The professor of philosophy and digital humanities wanted to resurrect a learning model as old as antiquity, so he created an ethics professor using Character.AI. This service lets you create a fictional character you can engage in dialogue.
Rockwell asked his students to write a series of questions meant to generate a fruitful conversation on ethics with the chatbot — one that would itself raise questions about “what a dialogue is supposed to do and how it can be used to convey ideas” while encouraging a healthy scepticism about what the chatbot says in response.
After all, there is a long history of learning through dialogue that goes back at least as far as Plato and Xenophon, Rockwell points out, when Socrates was depicted conversing with his students.
“With the release of sophisticated chatbots like OpenAI’s ChatGPT … dialogue’s time has come around again,” writes Rockwell. “I suggest that we can make a virtue of the availability of these chattering machines.
“By thinking through dialogue, we could all rediscover this form of engagement’s rich history and potential.

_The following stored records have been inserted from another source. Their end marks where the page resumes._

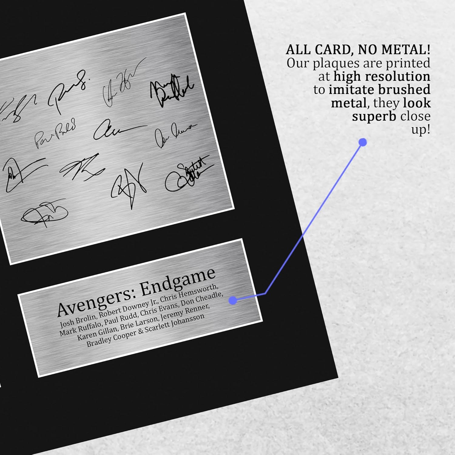 Professionally made in our studio, this Avengers Endgame Cast display makes for an ideal gift idea. This laser printed quality photograph is mounted in a precision cut three windowed acid-free matt black display board. To the left of the display there is the main image. To the right of the display there are two metallic effect plaque areas for printed copies of the name and autograph signature. These mounts also come with a ridgid backing board making them very sturdy and can be displayed or hung as they are. Alternatively we offer a framed version too. Lightweight, but of the highest quality, these make the ideal Christmas/Birthday gift for fans of all ages, and best of all, they definitely won’t break the bank!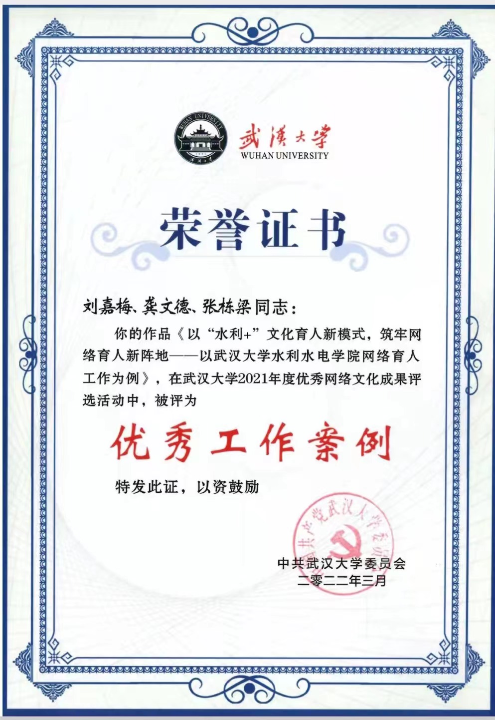刘嘉梅、龚文德、张栋梁的作品《以“水利+”文化育人新模式,筑牢网络育人新阵地——以Porncams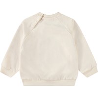 Sweatshirt aus weicher Öko-Baumwolle für die Kleinen. Das Sweatshirt hat Raglanärmel, gerippte Abschlüsse und einen runden Ausschnitt mit Knopfverschluss hinten auf der Schulter, was das An- und Ausziehen erleichtert. Dieses Sweatshirt hat einen grünen Aufdruck eines lächelnden, gesprayten Herzens. Kombinieren Sie es mit der passenden Hose für ein komplettes Outfit.

At the same time, we also have to teach our students to be careful and think critically about engaging with AIs and assessing the credibility of what they say.”
Rockwell has spent decades interrogating how a rapidly evolving digital culture has changed what it means to be human. He is a leader in the field of digital humanities, integrating computational methods and theories with research and teaching in the liberal arts.
Now, Rockwell has been appointed as a Canada CIFAR AI Chair at Amii. This non-profit institute supports world-leading research in AI and machine learning and translates scientific advancement into industry adoption.
The CIFAR program was launched in 2017 to bolster the federal government’s Pan-Canadian Artificial Intelligence Strategy to “drive the adoption of artificial intelligence across Canada’s economy and society” and recruit and retain AI talent in Canada.
More than 120 chairs have so far been appointed at Canada’s three national AI institutes, including Amii, Mila in Montreal and the Vector Institute in Toronto. The U of A’s Martha White of the Faculty of Science also saw her chair at Amii renewed.
Rockwell says his appointment reflects CIFAR’s attempt to widen its scope beyond computer science.
“For the first couple of years, the chairs were in computer science, but now there’s this idea of expanding to everything from ethics to biology to Indigeneity,” he says.
Rockwell’s research interests include video games, textual visualization, text analysis, ethics of technology and ethics of artificial intelligence. He is now working on a book on dialogue and artificial intelligence, exploring the cultural discourse of AI as well as imagining conversations we might have with new chatbots such as ChatGPT.
He adds that chatbots are in some ways just the latest phase in our historical fascination with dialogue.
“One of the things that struck me about ChatGPT is that nobody was paying a lot of attention to AI until a large language model was developed and optimized for dialogue. That’s when we saw this explosive interest.”
In 2022 he won the international Antonio Zampolli Prize with Stéfan Sinclair for co-developing a suite of text analysis and visualization tools called Voyant Tools, and was project leader for TAPoR, a text analysis portal for research funded by the Canada Foundation for Innovation.
He published Defining Dialogue: From Socrates to the Internet (2003) and Hermeneutica (2022), also with Sinclair, and is co-author of Right Research: Modelling Sustainable Research Practices in the Anthropocene (2021).
“As the science and application of AI continues to advance rapidly, the ability to attract and retain great researchers who are advancing diverse aspects of the field will be critical to Canada’s leadership in developing and deploying responsible AI,” says Elissa Strome, executive director of the Pan-Canadian AI Strategy at CIFAR, of the new AI chairs.